System preestablishes a buffer size value BUFSIZE, and when the data bulk that receives reaches BUFSIZE, receiving thread sends data to the data compression thread; The data compression thread is responsible for carrying out the data compression process of batch data, and Ya Suo data are sent to the digest calculations thread then; The digest calculations thread is responsible for calculating the summary through the batch data of overcompression, and the summary with batch data sends to the BloomFilter thread then; The BloomFilter thread is responsible for summary data Bloomfilter calculating operation in batches, tentatively looking into of data is heavily sent to the result to encrypt and the data transmission line journey then; Encrypt with the transmission thread and be responsible for data repeatability is done further checking, then non-repetitive data block is encrypted, at last metadata is write local disk, and write remote back-up server by the nbd module with metadata with through the Backup Data of encrypting.
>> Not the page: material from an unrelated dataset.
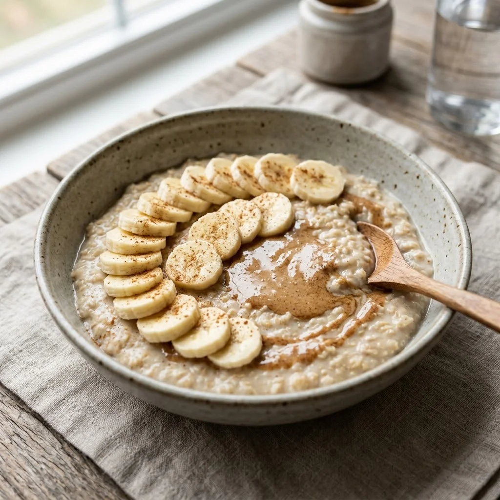 Cook oats with water or almond milk until creamy. Top with banana slices, almond butter, and a sprinkle of cinnamon.
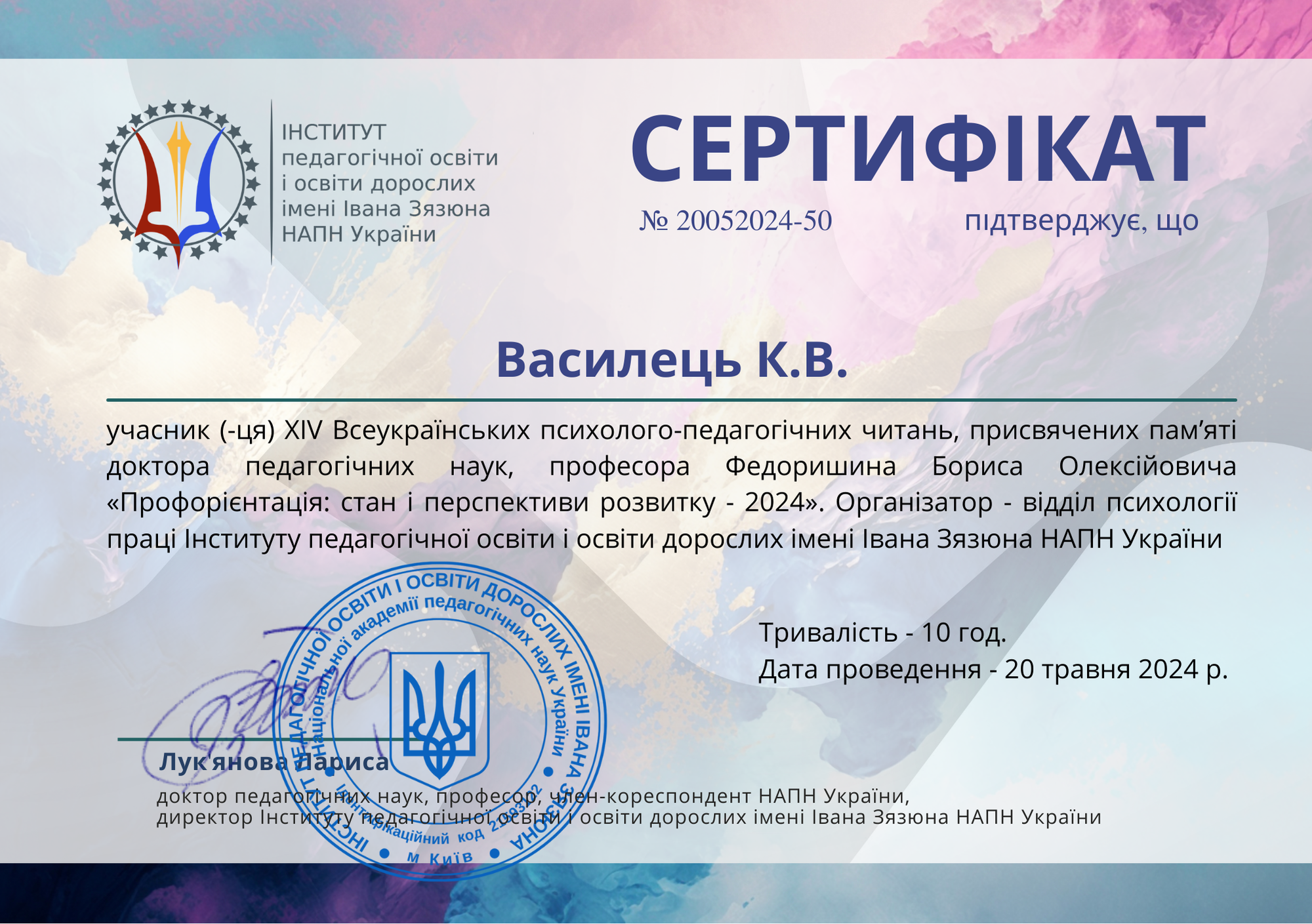 | 10965 | ХІV Всеукраїнські психолого-педагогічні читання, присвячених пам’яті доктора педагогічних наук, Федоришина Бориса Олексійовича ПРОФОРІЄНТАЦІЯ: СТАН І ПЕРСПЕКТИВИ РОЗВИТКУ | Розвиток внутрішніх якостей особистості психолога в мінливих умовах суспільного буття. | онлайн |

8. according to the described system of claim 1, it is characterized in that described in the step 2.2 compression the preceding streamline be fit to compression time respectively less than the data de-duplication system of the time and the data encryption time of digest calculations, concrete grammar is as follows: the execution sequence of adjusting each computational threads, the compression thread is handled as first calculation procedure of streamline, data after will compressing then pass to the thread of digest calculations, such streamline order can reduce the data volume of digest calculations, reduces the time of digest calculations.

9. according to the described system of claim 1, it is characterized in that the streamline after use described in the step 2.3 is compressed in, the repetition rate that is suitable for data is greater than 50%, need the backed up data amount to be less than 25% and compressometer evaluation time of total amount of data summation greater than the time of digest calculations and computations, only non-repetitive data are done compression and handle the time that can reduce compression, improve the handling capacity of total system; Concrete grammar is as follows: cancellation compression computational threads, and compression process is integrated into encrypts and the data transmission line journey, when finishing further the looking into after heavy industry does of data, non-repetitive data are compressed processing; And then do data encryption and data transmission work.
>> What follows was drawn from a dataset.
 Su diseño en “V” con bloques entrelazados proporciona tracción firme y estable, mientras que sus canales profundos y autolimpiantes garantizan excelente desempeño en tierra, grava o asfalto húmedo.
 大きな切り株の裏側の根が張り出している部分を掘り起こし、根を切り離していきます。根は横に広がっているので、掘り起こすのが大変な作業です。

10. according to the described system of claim 1, it is characterized in that the use GPU described in the step 2.4 makees the streamline of main calculating; According to the characteristics of CUDA programming model, the data transmission that needs to handle could utilize the powerful computation capability of GPU to come deal with data to calculating video card; Concrete method is as follows: data compression thread, data summarization computational threads, Bloomfilter thread are merged into a computational threads, such streamline order can reduce data interaction number of times and the data volume size between CPU and the GPU, the performance of elevator system.